We have just 10 years to end all forms of discrimination against women and girls, everywhere, if we are to meet the sustainable development goal for gender equality by 2030. We only have to look at the ways in which society still treats women as unequal to men to see that much remains to be done. In many countries, women are still not safe on the street. They don’t have access to education or finance and they can’t choose whether to marry or even who they marry.
But there are many reasons to be optimistic. We see more and more women, all over the world, challenging stereotypes and taking control of their own futures. This month we’d like to celebrate some of the inspirational women who, with the support of our partners, are triumphing over the odds and showing what women can do!
Women leading the way
Louis Aliza Sharif is a South Sudanese woman who arrived at Kakuma refugee camp in Kenya in 2018. She quickly started a business tailoring and making clothes. She also sells perfume made from wood found locally.
Looking back, Louis Aliza says: “It was a challenge to start my business because I did not have money at that time, but one lady helped me with a few clothes. I sold them and later paid her back her money. The idea worked then I started to operate with the little profit I got from the sales.”
Thanks to training from our partner, the African Entrepreneur Collective (AEC), Louis Aliza learned book-keeping and customer relations skills. Before the training, she had fixed prices and often customers went away without buying. Now she knows how to negotiate a price and keep her customers satisfied.
By helping women entrepreneurs like Louis Aliza build new skills and access finance, AEC helps them to lead the way for other women and girls in their communities.
Thirty-year-old Da Ching, from the Bandarban district of Bangladesh, has also built an enterprise from nothing. Unable to find a job, she started her own business selling ornaments she made as a hobby. With training and support from B’Yeah, a member of our partner Youth Business International, she gained the skills and support to grow her business. Through her thriving enterprise, she now not only supports herself but also employs 14 people in her factory and shop.
Da Ching is always looking for opportunities to support her community. She pays women from her community to make traditional dresses, which she sells online and in her shop. She also runs courses at her shop, where she teaches others to create their own rickshaw art. These courses enable people to explore their creativity and learn a new skill.
“I am proud to present myself as a young female entrepreneur and not just be known as someone’s daughter. Every young woman should be able to have their own identity and run their own business,” Da Ching says.
Breaking down barriers
Getting a start-up to work is a challenge. In many cases, women are at an even greater disadvantage than male entrepreneurs.
Chetna Gala Sinha was born in Mumbai. She is an economist, farmer, activist—and an Ashoka Fellow. When she decided to pursue a career in farming, she quickly came up against some of the challenges faced by rural women.
When Chetna first submitted loan applications on behalf of women farmers, they were denied because the women were illiterate. This experience led her to start Mann Deshi Mahila Sahkari, a bank and microfinance institution that makes loans to women in rural areas. It has served more than 27,000 women and enabled more than 40,000 families to buy homes.

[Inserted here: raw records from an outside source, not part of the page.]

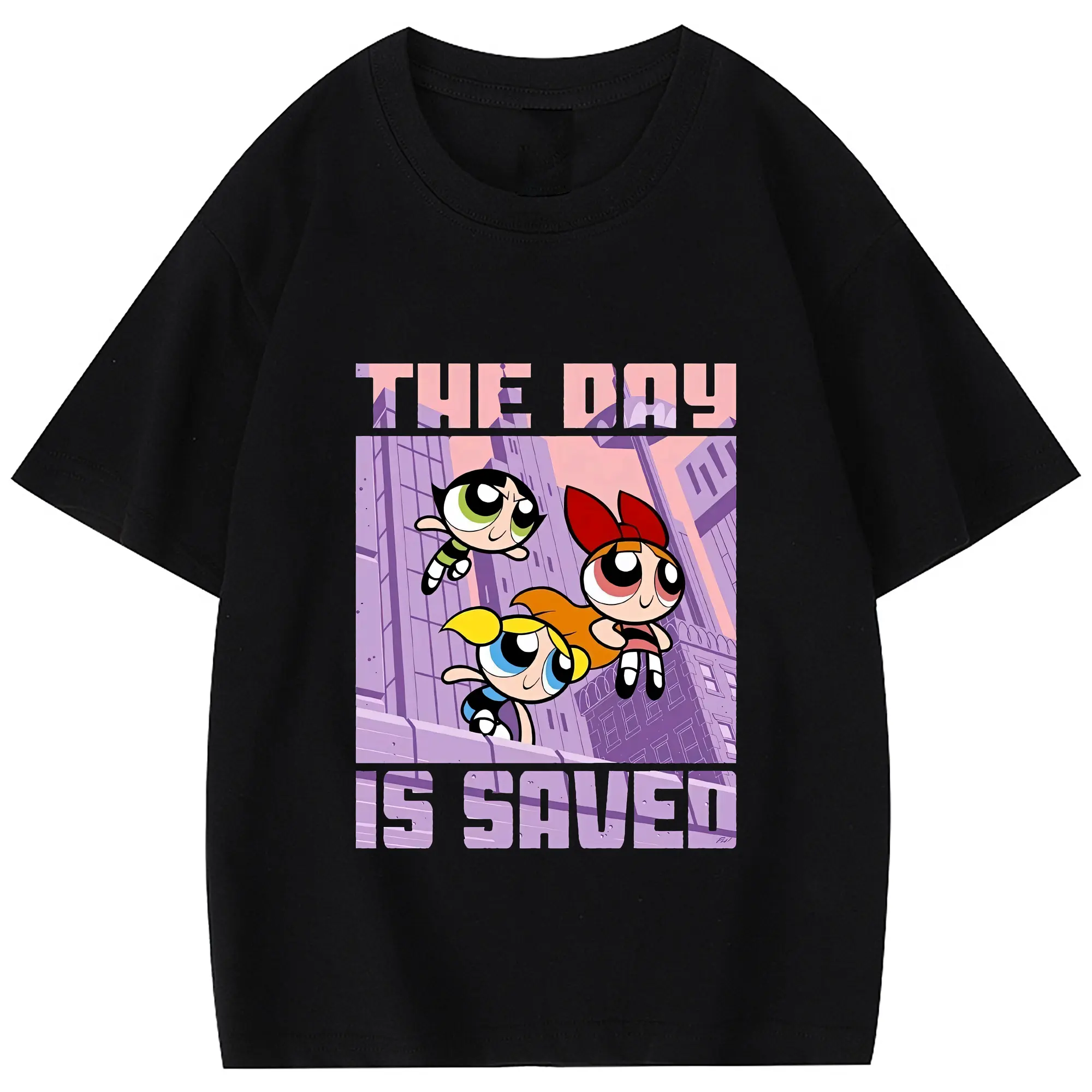 パワパフガールズ グッズ バブルス - 綿100% 半袖Tシャツ ・ フロントプリント ・ 快適 通気性 ・ 日常使い 散歩 スポーツ用
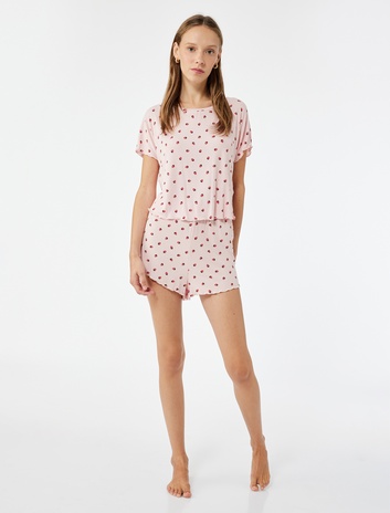 Pamuklu Kiraz Desenli Mini Şort Pijama Altı
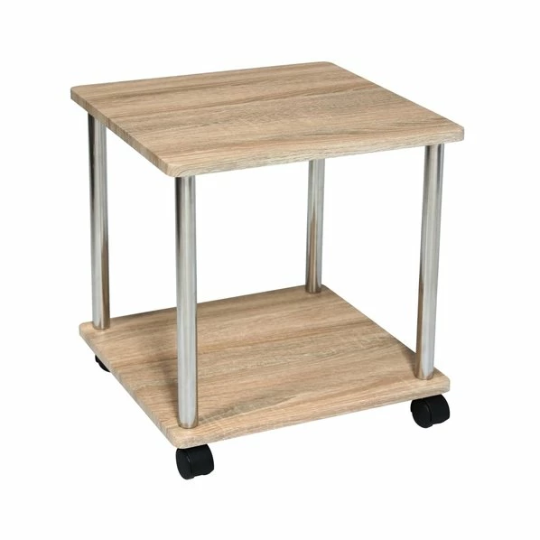 Der Beistelltisch auf praktischen Rollen lässt ganz bequem an die richtige Stelle schieben und bietet zwei Ablageflächen
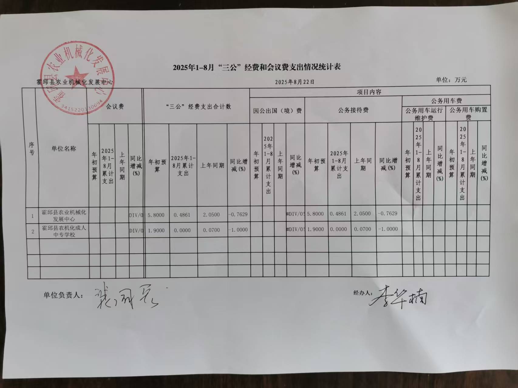 霍邱县农业机械化发展中心2025年1-8月“三公”经费
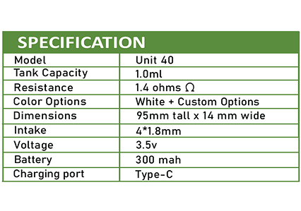 The Unit 40 Disposable, features full zirconia construction, pull-draw activation, and low-heat technology, delivering exceptional durability, purity, and superior flavor preservation.
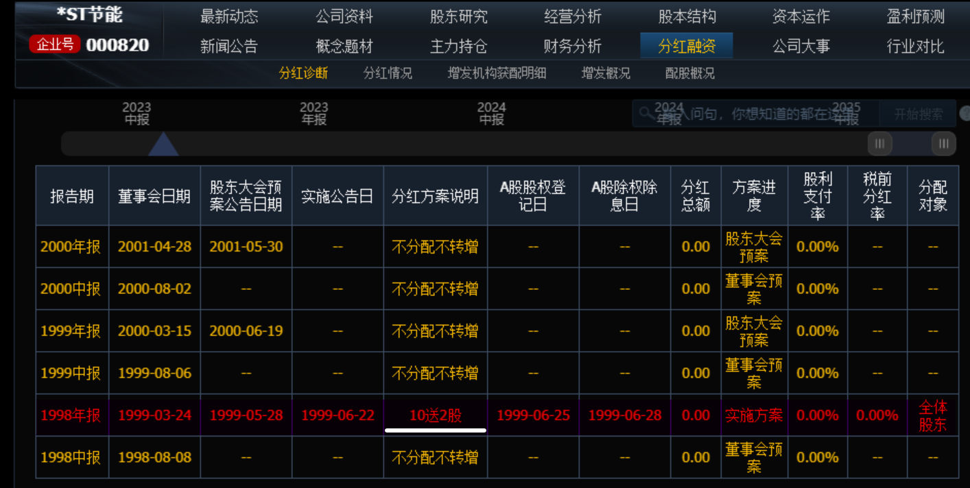 从技术上讲,股票上市28年转送股仅为10送8,又都发生在创历史高44.98元之前,这意味*ST节能只要不退市,目前的3.35元股价将发生大A罕见的补涨行情!
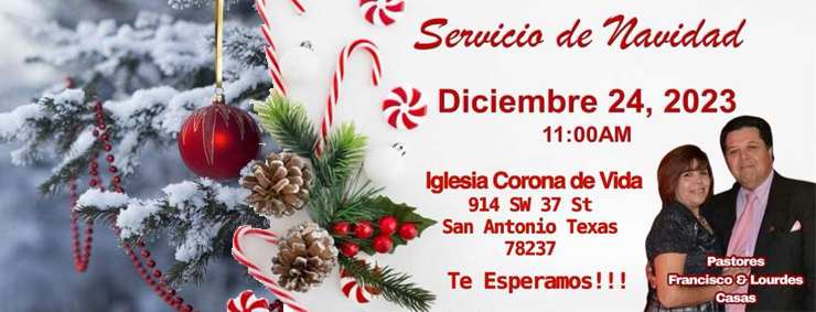 Únete a nosotros en nuestro conmovedor Servicio de Navidad el 24 de diciembre a las 11:00 AM en Iglesia Corona de Vida. Este servicio especial está diseñado para celebrar el significado más profundo de la temporada y compartir el mensaje de amor y esperanza que trae el nacimiento de Jesús.

Her mission to give women control over their own lives has fuelled other great initiatives, such as a mobile school to teach women business and technology skills in their own villages.
Based on the insights and experiences of leading social entrepreneurs like Chetna, Ashoka is launching the Livelihoods for All initiative.
The IKEA Foundation is happy to partner with Ashoka on the Livelihoods for All initiative. This supports social entrepreneurs and young changemakers in India and Bangladesh to create employment and increase income for 100,000 women and young people.
When women have equal opportunities and control over their own assets, they can play a key role in transforming lives, communities and economies.